Exercise » Retype only what runs from the beginning of the data through the line with "पुणे : श्री गुरुदेव"; please omit the pictures and keep every line exact.

The data »

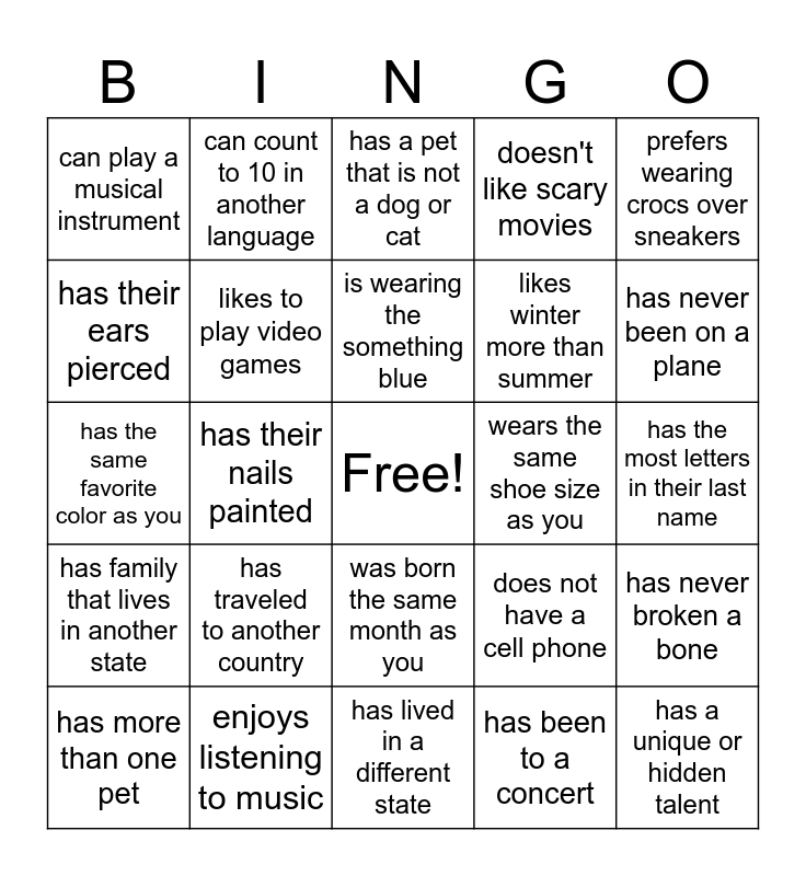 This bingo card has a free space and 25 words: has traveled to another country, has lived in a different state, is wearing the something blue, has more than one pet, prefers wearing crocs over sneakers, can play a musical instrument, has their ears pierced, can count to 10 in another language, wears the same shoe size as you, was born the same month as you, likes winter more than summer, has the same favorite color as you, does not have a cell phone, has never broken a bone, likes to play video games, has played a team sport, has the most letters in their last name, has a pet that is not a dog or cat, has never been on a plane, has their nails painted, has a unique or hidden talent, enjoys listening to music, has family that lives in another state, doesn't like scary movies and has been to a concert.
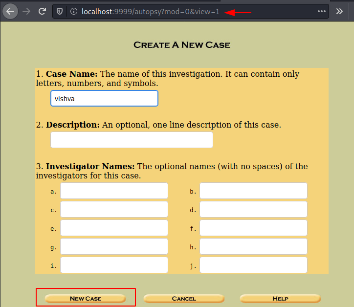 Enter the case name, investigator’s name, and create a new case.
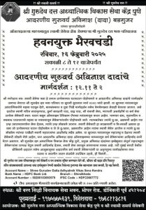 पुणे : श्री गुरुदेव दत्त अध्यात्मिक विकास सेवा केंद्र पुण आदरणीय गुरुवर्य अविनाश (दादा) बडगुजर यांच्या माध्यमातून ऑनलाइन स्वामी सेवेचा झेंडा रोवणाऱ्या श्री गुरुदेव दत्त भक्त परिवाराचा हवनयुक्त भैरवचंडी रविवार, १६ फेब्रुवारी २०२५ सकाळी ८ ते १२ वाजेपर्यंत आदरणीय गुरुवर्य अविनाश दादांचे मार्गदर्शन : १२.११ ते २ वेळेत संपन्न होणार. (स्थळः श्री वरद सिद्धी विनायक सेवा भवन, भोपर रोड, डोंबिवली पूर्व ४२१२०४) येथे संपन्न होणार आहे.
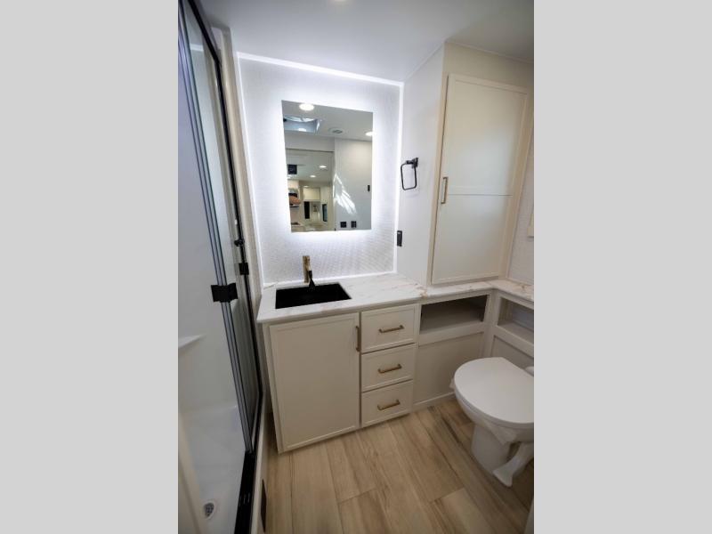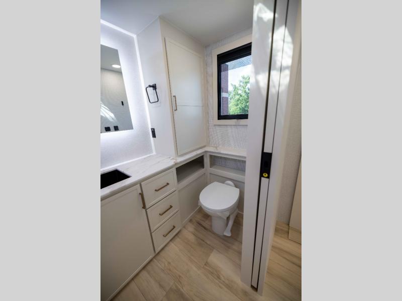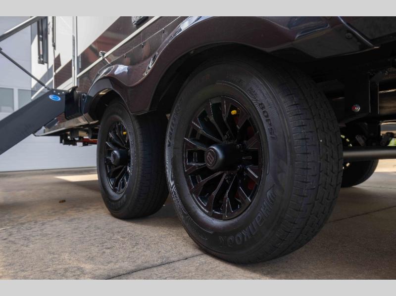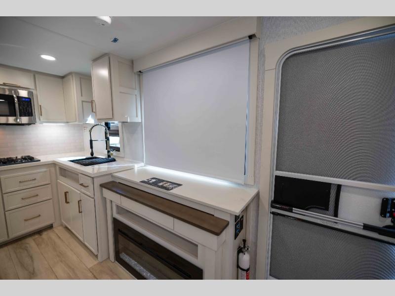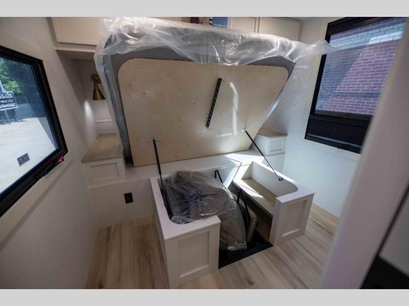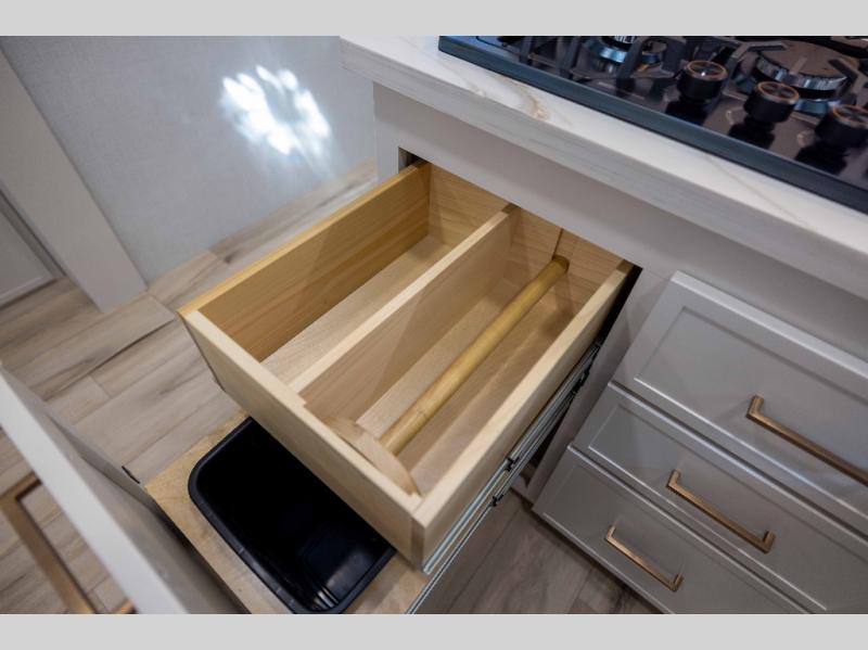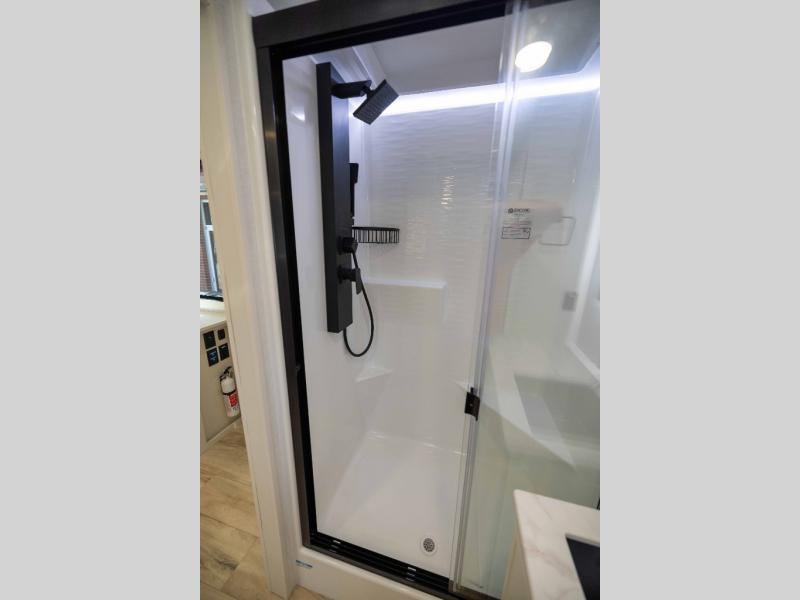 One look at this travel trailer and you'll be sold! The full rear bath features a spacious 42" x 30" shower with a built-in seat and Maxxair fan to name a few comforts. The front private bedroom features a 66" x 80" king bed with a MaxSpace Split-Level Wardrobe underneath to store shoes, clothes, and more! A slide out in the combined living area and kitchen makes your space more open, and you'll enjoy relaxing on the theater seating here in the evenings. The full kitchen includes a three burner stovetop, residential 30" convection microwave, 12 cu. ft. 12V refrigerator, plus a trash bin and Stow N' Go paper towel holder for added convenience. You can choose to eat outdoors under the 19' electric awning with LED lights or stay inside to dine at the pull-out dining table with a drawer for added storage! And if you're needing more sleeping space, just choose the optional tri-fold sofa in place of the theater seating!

Answer space »
 This bingo card has a free space and 25 words: has traveled to another country, has lived in a different state, is wearing the something blue, has more than one pet, prefers wearing crocs over sneakers, can play a musical instrument, has their ears pierced, can count to 10 in another language, wears the same shoe size as you, was born the same month as you, likes winter more than summer, has the same favorite color as you, does not have a cell phone, has never broken a bone, likes to play video games, has played a team sport, has the most letters in their last name, has a pet that is not a dog or cat, has never been on a plane, has their nails painted, has a unique or hidden talent, enjoys listening to music, has family that lives in another state, doesn't like scary movies and has been to a concert.
 Enter the case name, investigator’s name, and create a new case.
 पुणे : श्री गुरुदेव दत्त अध्यात्मिक विकास सेवा केंद्र पुण आदरणीय गुरुवर्य अविनाश (दादा) बडगुजर यांच्या माध्यमातून ऑनलाइन स्वामी सेवेचा झेंडा रोवणाऱ्या श्री गुरुदेव दत्त भक्त परिवाराचा हवनयुक्त भैरवचंडी रविवार, १६ फेब्रुवारी २०२५ सकाळी ८ ते १२ वाजेपर्यंत आदरणीय गुरुवर्य अविनाश दादांचे मार्गदर्शन : १२.११ ते २ वेळेत संपन्न होणार. (स्थळः श्री वरद सिद्धी विनायक सेवा भवन, भोपर रोड, डोंबिवली पूर्व ४२१२०४) येथे संपन्न होणार आहे.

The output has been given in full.